The Chinese games market is markedly different to that of any Western nation, or even some of its neighbours.
Until last year, the most notable difference was the console ban, a long-in-place piece of legislation that prevented Nintendo, Xbox and PlayStation selling their products in China. In the face of this unique barrier, other models and forms of gaming have arisen.
One such alternative has been gaming through set-top boxes and other digital devices, with MHT Game positioning itself as one of the leading and fastest growing platforms in the sector. The firm specialises in the digital distribution and publishing of Android-based games via set-top boxes, Smart TVs and other Android-based devices that centre around the television.

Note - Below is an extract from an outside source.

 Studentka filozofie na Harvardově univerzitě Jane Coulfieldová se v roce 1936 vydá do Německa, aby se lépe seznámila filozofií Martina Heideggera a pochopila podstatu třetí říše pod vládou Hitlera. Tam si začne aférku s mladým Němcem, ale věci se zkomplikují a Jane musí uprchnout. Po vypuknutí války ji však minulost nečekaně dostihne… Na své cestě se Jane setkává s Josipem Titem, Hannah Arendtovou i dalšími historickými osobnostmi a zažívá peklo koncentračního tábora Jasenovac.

Co-founder Edward Qu tells us the firm’s offering is historically geared heavily towards Chinese consumers: “Currently 80 per cent of the games on MHT platform are from Chinese IP. Games available on our platform are mainly family-oriented games with Chinese elements such as local music, language and characters. Collaborative play is also very popular.”

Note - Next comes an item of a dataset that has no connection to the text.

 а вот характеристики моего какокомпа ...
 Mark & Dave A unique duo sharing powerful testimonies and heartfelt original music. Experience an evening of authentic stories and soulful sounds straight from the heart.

However, MHT Game has managed to bring some Western-developed but globally popular titles to its platform – including PopCap’s Plants Vs Zombies and Vector Unit’s Riptide GP racing series – and it’s keen to expand on this.
“China is two decades behind the West for TV-based games due to the shut out of console games and hardware,” explains European business development manager Gerry Berkley. “Now that the Chinese government has lifted the ban, our objective is to bring the gaming experience back into the China family living room.
“We know that European developers have an excellent track record of creating exciting and innovative products. We are looking for partners who are experienced with family-oriented games and are prepared to fully embrace the opportunity to break into the Chinese market.
“We are offering partners who collaborate with MHT Game a window into a market that can provide them with an additional revenue stream, as we jointly benefit from the market growth.”
China is the last big market to target. There is a rapidly growing middle class population that can now afford to invest in new gaming platforms.
Gerry Berkley, MHT Game
The company wishes to maintain the family-friendly nature of its games library, seeking titles that are suitable for young children, as well as racers, action games, cartoonish shoot-‘em-ups, sports titles and casual games.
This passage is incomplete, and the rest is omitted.